2.10 In planta antifungal effect of the plant extracts on late blight disease

Potato tubers from the cv. de Spunta variety, which is known to be sensitive to P. infestans, were utilized in the pot trials. The tubers were cleaned with tap water, disinfected for 5 min with a 10% solution of sodium hypochlorite, and then allowed to air-dry. Subsequently, the tubers were transferred to pots within a greenhouse environment, where a mixture of soil, peat, and sand in equal proportions (1:1:1) was used as the planting medium. The pots were regularly watered. The aqueous extract (10, 15, and 25 mg/mL) and the organic extracts (5, 10, and 20 mg/mL) were sprayed on both sides of the leaf surface of 10-week-old plants using an atomizer, along with distilled water as a negative control.
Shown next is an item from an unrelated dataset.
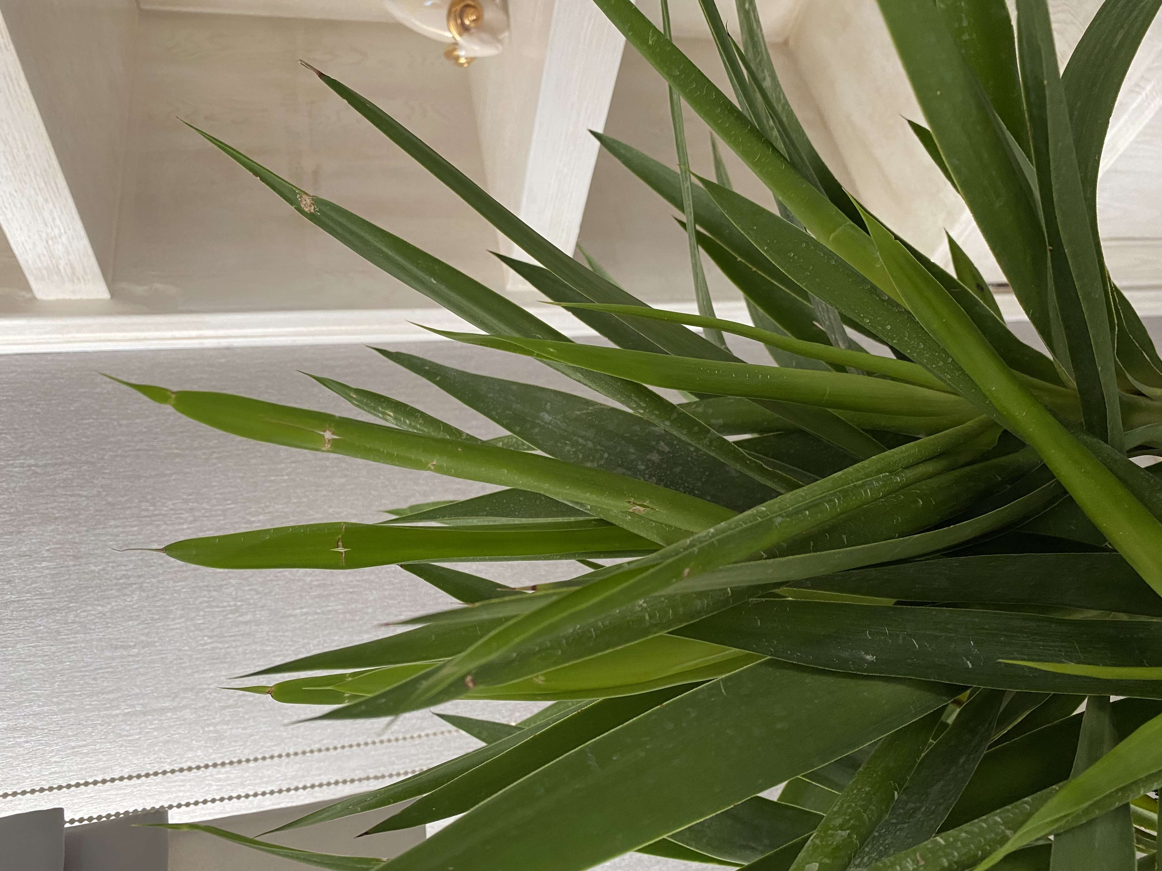 با سلام و خسته نباشید درختچه یوکا تنه بزرگ خریداری کردم از روزی که وارد خانه شده لمه های قهوه ای روی برگ شروع شده و چند تا برگهاش سوراخ شده اند و برگها دائما در حال لوله شدن به سمت بیرون هستند ۲دوره ۳هفته ای قارچکش ۲ مدل و یک دوره ۳هفته ای آفت کش استفاده کردم ولی با این وجود روز به روز حال گیاه در حال بدتر شدن هست آبیاری هفته ای یکبار انجام میدهم و تهویه و نور گیاه مناسب است لطفا راهنمایی کنید گیاهم داره از بین میره

P. infestans was sprayed on both control and treated plants at a dosage of 1 × 10⁴ sporangia/mL. Plants that had not received the plant extract treatments or been infected with the fungus were used as negative controls. The concentrations tested were chosen based on in vitro assays and, together with the three controls, were established in five blocks as part of the experiment. This trial was repeated twice over time.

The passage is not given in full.